Content starts
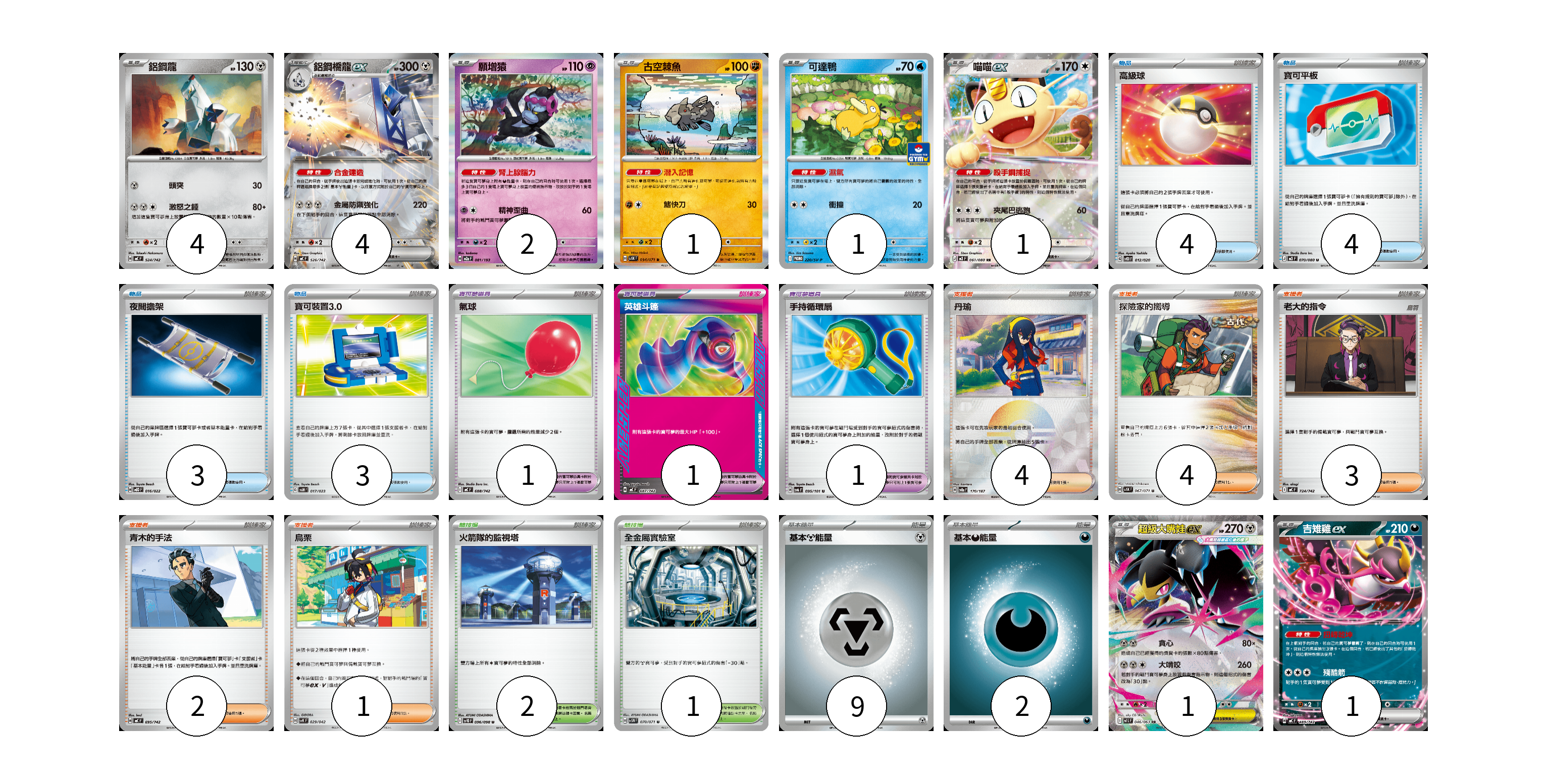 牌組構築方案 以此牌組為基礎新構築牌組 顯示卡面 顯示列表 寶可夢卡(15) 4 4 2 1 1 1 1 1 寶可夢道具(3) 1 1 1 物品卡(14) 4 4 3 3 支援者卡(14) 4 4 3 2 1 競技場卡(3) 2 1 能量卡(11) 9 2 寶可夢卡(15) 卡牌名稱 張數 卡牌名稱 張數 鋁鋼龍 MC 524/742 04 鋁鋼橋龍ex MC 526/742 04 願增猿 M2a 081/193 02 古空棘魚 SV5K 034/071 01 可達鴨 SV-P 220/SV-P 01 喵喵ex M3 061/080 01 超級大嘴娃ex M1L 046/063 01 吉雉雞ex MC 489/742 01 寶可夢道具(3) 卡牌名稱 張數 卡牌名稱 張數 氣球 MC 688/742 01 英雄斗篷 MC 687/742 01 手持循環扇 SV6 095/101 01 物品卡(14) 卡牌名稱 張數 卡牌名稱 張數 高級球 SVOD 012/020 04 寶可平板 M3 070/080 04 夜間擔架 MBD 016/022 03 寶可裝置3.0 SVAM 017/023 03 支援者卡(14) 卡牌名稱 張數 卡牌名稱 張數 丹瑜 SV8a 170/187 04 探險家的嚮導 SV5K 067/071 04 老大的指令 MC 724/742 03 青木的手法 MC 695/742 02 烏栗 SVK 029/042 01 競技場卡(3) 卡牌名稱 張數 卡牌名稱 張數 火箭隊的監視塔 SV10 096/098 02 全金屬實驗室 SV5M 070/071 01 能量卡(11) 卡牌名稱 張數 卡牌名稱 張數 基本【鋼】能量 MC MET 09 基本【惡】能量 MC DAR 02 以此牌組為基礎新構築牌組 牌組編碼 nsLiGF-HsuEba-VZYtWf copy 列印牌組單 牌組編碼已複製 分享至SNS
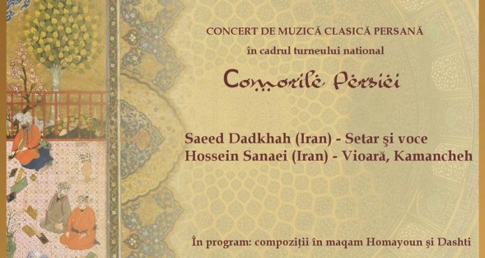 Filarmonica „Mihai Jora” din Bacău în premieră un concert de muzică clasică persană în data de 16 ianuarie 2017, ora 18.30 în Sala Ateneului. Concertul se va relua in data de 17 ianuarie, ora 17.30 la Biblioteca Municipală din Onesti. Evenimentele fac parte din Turneul Naţional „Comorile Persiei”, organizat de Asociaţia Culturală „Nirmal Art” şi care conţine concerte, workshop-uri şi conferinţe ce se vor desfăşura în importante instituţii de cultură din România.
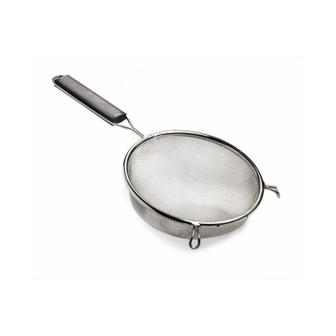 Strainer, 7-1/4" bowl, single fine mesh, plastic handle, wire rim with drainage hole, rust resistant, dishwasher safe, stainless steel
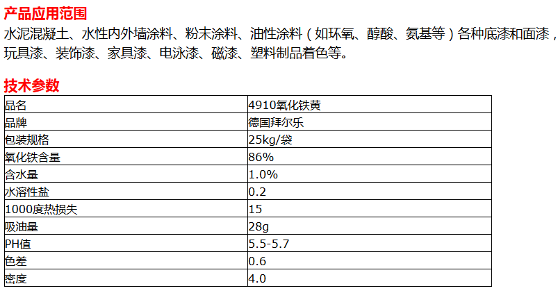 德国拜耳乐4910氧化铁黄
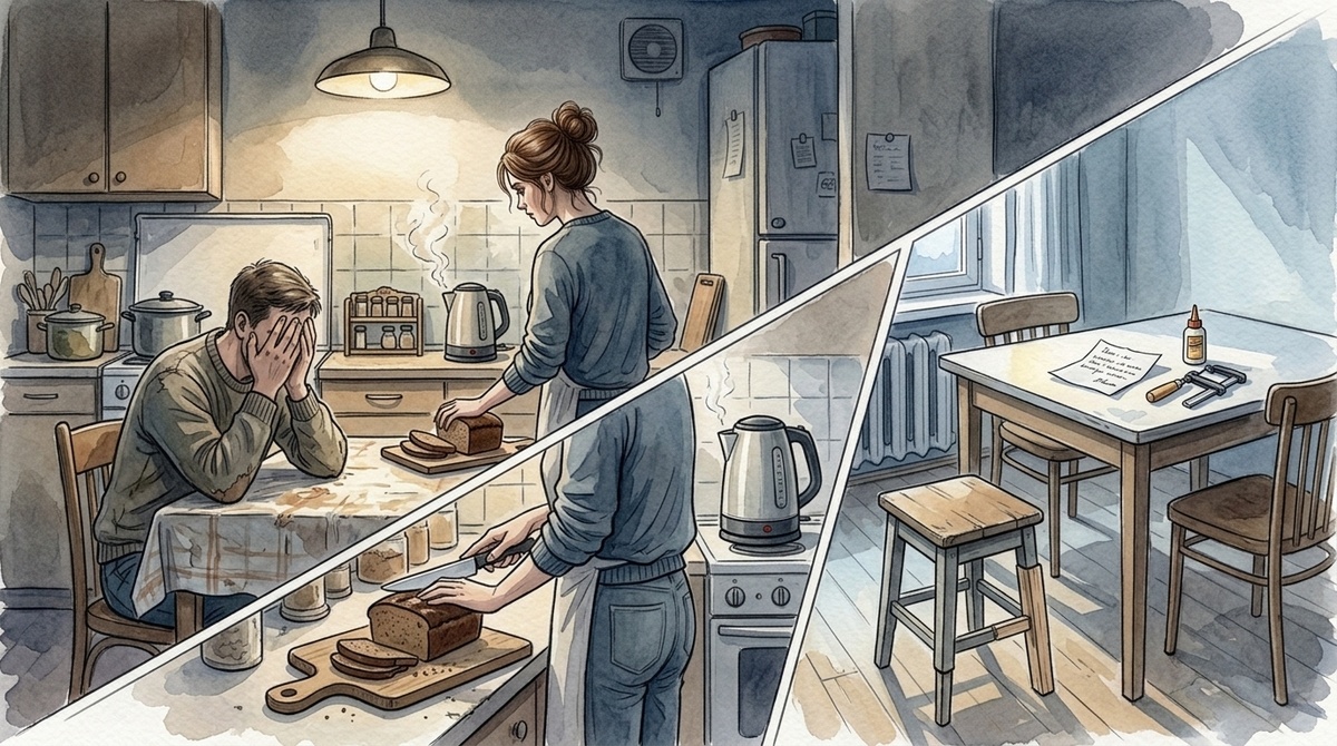 Чайник закипел первый раз, когда он сказал это. Лена стояла спиной, резала хлеб. Нож замер на полпути. — Я ухожу, Лен. Она не обернулась. Дорезала. Положила хлеб на тарелку. Тарелку на стол. Чайник щелкнул — выключился. — Чай будешь? — Ты слышала что я сказал? — Слышала. Чай будешь или нет? Он сел на табурет. Потер лицо ладонями. Восемнадцать лет за этим столом на Ленинградской в Самаре. Восемнадцать лет этот табурет скрипит на левую ногу и никто не чинит. — Лен, я серьезно. — Я тоже. Чай — да или нет. — Ладно, — выдохнул. — Давай чай. Она налила два стакана. Села через стол. Подвинула ему сахарницу. Он не взял. — Когда ты решил? — Давно. — Давно — это сколько. Месяц? Год? — Ну, с зимы где-то. — С какой зимы, Серёж. Прошлой? — Этой. С января где-то. — С января, — повторила она. — Четыре месяца. Четыре месяца ты ходил, ужинал, ложился рядом. И молчал. — Я не молчал. Я думал. — Ты молчал. Он отпил чай. Обжёгся. Поставил стакан. — Куда? — Сниму квартиру пока. Потом посмотрим. — Потом пос
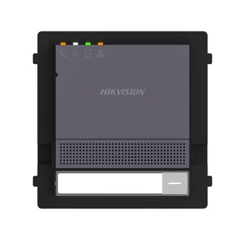 | Moduláris audio kaputelefon kültéri főegység, 2 vezetékes Aluminium felület Kompatibilis a moduláris kaputelefon sub-modulokkal 4 LED-es visszajelzés (Opening door、Calling、Intercom、In use) 2 zár vezérlő (egy mégneszár tápellátására képes, max 12 VDC, 500 mA) Tápellátás: DS-KAD7060EY or 12VDC | |
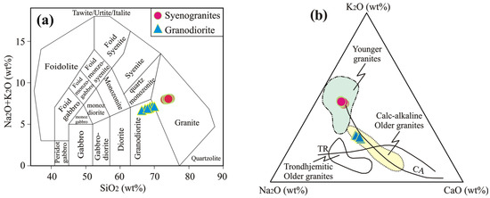 The representative whole rock geochemical data of 20 samples are presented in Supplementary Table S2. Based on the SiO2 content of the investigated granitic rocks, it is obvious that a small compositional gap is observed between granodiorites (66.04–69.31 wt%) and syenogranites (72.02–74.02 wt%). Syenogranites have higher K2O (4.24–4.4 wt%) and lower Al2O3 (13.79–14.25 wt%), Fe2O3 (1.96–2.36 wt%), MgO (0.21–0.44 wt%), and Na2O (3.57–3.62 wt%) relative to granodiorites (K2O = 2.45–2.7 wt%; Al2O3 = 14.78–16.03 wt%); Fe2O3 = 3.09–4.65 wt%; MgO = 1.27–1.94 wt%; Na2O = 4.05–4.24 wt%). According to the TAS classification diagram, syenogranites are plotted in the granite field, while granodiorites fall as expected in the granodiorite field (Figure 5a). This is generally consistent with petrographic investigations. The Na2O–K2O–CaO ternary diagram suggested by Hassan and Hashad [18] provides good separation of the Egyptian granitic rocks (Figure 5b). It shows that the investigated syenogranites are in harmony with Egyptian younger granites while granodiorites are comparable with Egyptian calc-alkaline older granitic rocks (Figure 5b). The total alkalis (Na2O + K2O = 6.5–8.01 wt.%) and differentiation index (D.I. = 71.9–90.15) (Supplementary Table S2) are comparable with ANS granites.
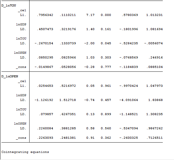 这是我用stata跑出的结果,想知道依据哪几个值确定误差修正项ecm(-1)的系数,请教懂的人,谢谢! 2.png 3.png
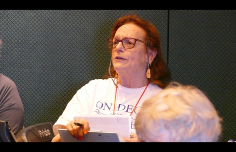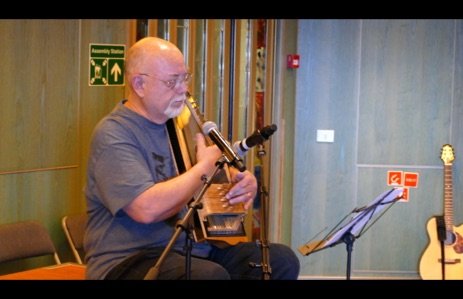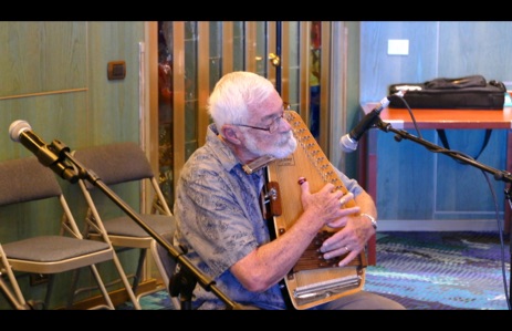 Eileen Kozloff’s unique talent was exhibited (below) for us as she demonstrated a few of the songs on her new CD. This occurred before the jam. As you can see (below), she also asked several MLAG friends to back her up on a couple of songs. What style!
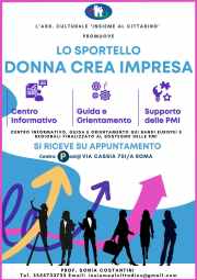Il 10 maggio alle 11.30 in via Cassia 701 presso il locale Centro post@, avrà luogo l’inaugurazione del Primo Sportello “Donna Crea Impresa”. L’idea nasce per sostenere e guidare le donne imprenditrici a sviluppare i loro progetti imprenditoriali, soprattutto dopo la pubblicazione dell’avviso regionale che prevede un contributo alle PMI fino a 100.000 a fondo perduto, dichiara la prof. Sonia Costantini ideatrice e realizzatrice del progetto dello sportello.
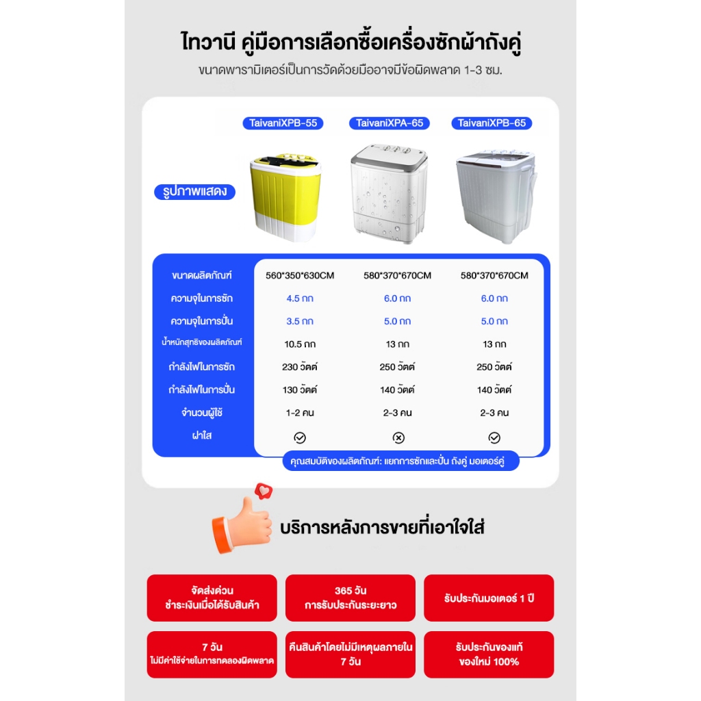 ... ั่นขนาดใหญ่ ป้องกันกลิ่นอับ แม้ทิ้งผ้าไว้นาน - ถังซักภายนอก ผลิตจากพลาสติกคุณภาพสูง ปลอดสนิม ตลอดอายุการใช้งาน - ฝาใส สามารถมองเห็นการทำงานทุกขั้นตอน ❄️ การจัดส่งสินค้า ระยะเวลาในการจัดส่งสินค้า ใน 2-7 วันทำการ ⚠️ หมายเหตุ - รบกวนลูกค้าอ่านคู่มืออย่างละเอียด จะมีวิธีการติดตั้ง-ข้อควรระวังต่างๆ - หากพบปัญหาหรือสอบถามข้อมูลหลังการขายเพิ่มเติม กรุณาติดต่อเรา.
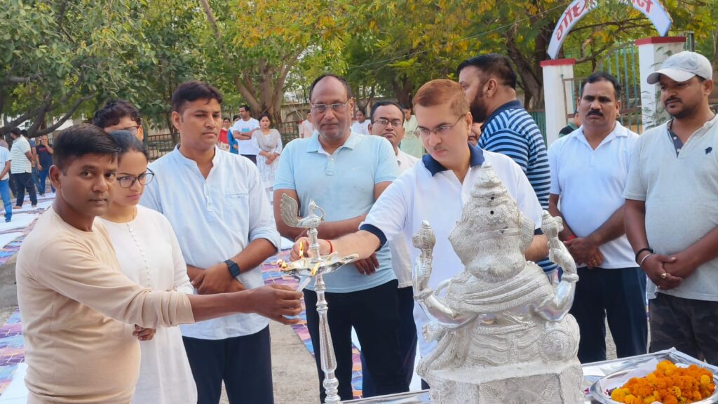 जिलाधिकारी श्री बी0 एन0 सिंह ने कलेक्ट्रेट परिसर में आज ग्यारहवें अंतरराष्ट्रीय योग दिवस का दीप प्रज्जवलित कर शुभारम्भ किये। ग्यारहवें अंतरराष्ट्रीय योग दिवस की
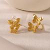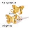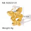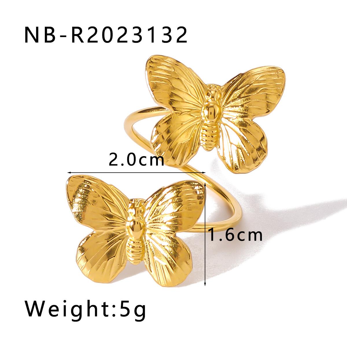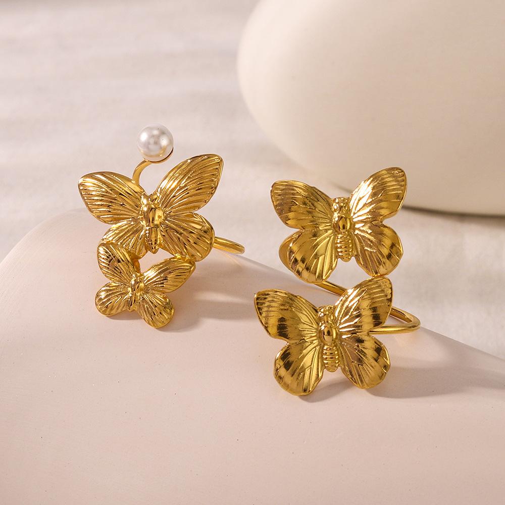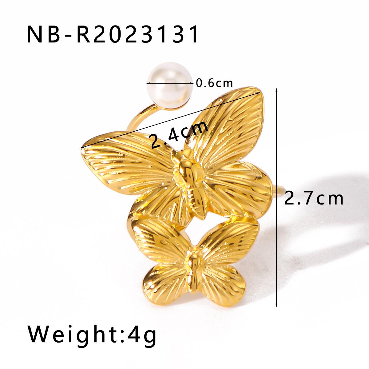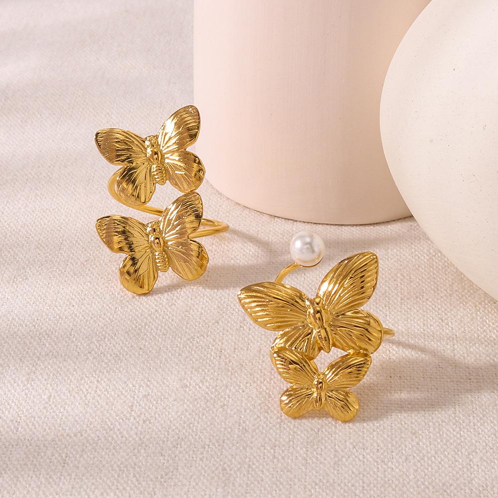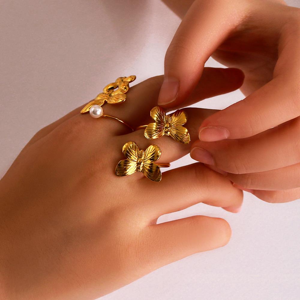 Tendencia de moda anillo multicapa de perlas grabadas de acero inoxidable de mariposa anillo hueco único oro de 18 quilates
Content ends
Copy nothing but the lines from the first one in the listing through the line with "德国拜耳乐4910氧化铁黄", and omit the pictures.

● RESPONSE BOX
 牌組構築方案 以此牌組為基礎新構築牌組 顯示卡面 顯示列表 寶可夢卡(15) 4 4 2 1 1 1 1 1 寶可夢道具(3) 1 1 1 物品卡(14) 4 4 3 3 支援者卡(14) 4 4 3 2 1 競技場卡(3) 2 1 能量卡(11) 9 2 寶可夢卡(15) 卡牌名稱 張數 卡牌名稱 張數 鋁鋼龍 MC 524/742 04 鋁鋼橋龍ex MC 526/742 04 願增猿 M2a 081/193 02 古空棘魚 SV5K 034/071 01 可達鴨 SV-P 220/SV-P 01 喵喵ex M3 061/080 01 超級大嘴娃ex M1L 046/063 01 吉雉雞ex MC 489/742 01 寶可夢道具(3) 卡牌名稱 張數 卡牌名稱 張數 氣球 MC 688/742 01 英雄斗篷 MC 687/742 01 手持循環扇 SV6 095/101 01 物品卡(14) 卡牌名稱 張數 卡牌名稱 張數 高級球 SVOD 012/020 04 寶可平板 M3 070/080 04 夜間擔架 MBD 016/022 03 寶可裝置3.0 SVAM 017/023 03 支援者卡(14) 卡牌名稱 張數 卡牌名稱 張數 丹瑜 SV8a 170/187 04 探險家的嚮導 SV5K 067/071 04 老大的指令 MC 724/742 03 青木的手法 MC 695/742 02 烏栗 SVK 029/042 01 競技場卡(3) 卡牌名稱 張數 卡牌名稱 張數 火箭隊的監視塔 SV10 096/098 02 全金屬實驗室 SV5M 070/071 01 能量卡(11) 卡牌名稱 張數 卡牌名稱 張數 基本【鋼】能量 MC MET 09 基本【惡】能量 MC DAR 02 以此牌組為基礎新構築牌組 牌組編碼 nsLiGF-HsuEba-VZYtWf copy 列印牌組單 牌組編碼已複製 分享至SNS
 Filarmonica „Mihai Jora” din Bacău în premieră un concert de muzică clasică persană în data de 16 ianuarie 2017, ora 18.30 în Sala Ateneului. Concertul se va relua in data de 17 ianuarie, ora 17.30 la Biblioteca Municipală din Onesti. Evenimentele fac parte din Turneul Naţional „Comorile Persiei”, organizat de Asociaţia Culturală „Nirmal Art” şi care conţine concerte, workshop-uri şi conferinţe ce se vor desfăşura în importante instituţii de cultură din România.
 Strainer, 7-1/4" bowl, single fine mesh, plastic handle, wire rim with drainage hole, rust resistant, dishwasher safe, stainless steel
 德国拜耳乐4910氧化铁黄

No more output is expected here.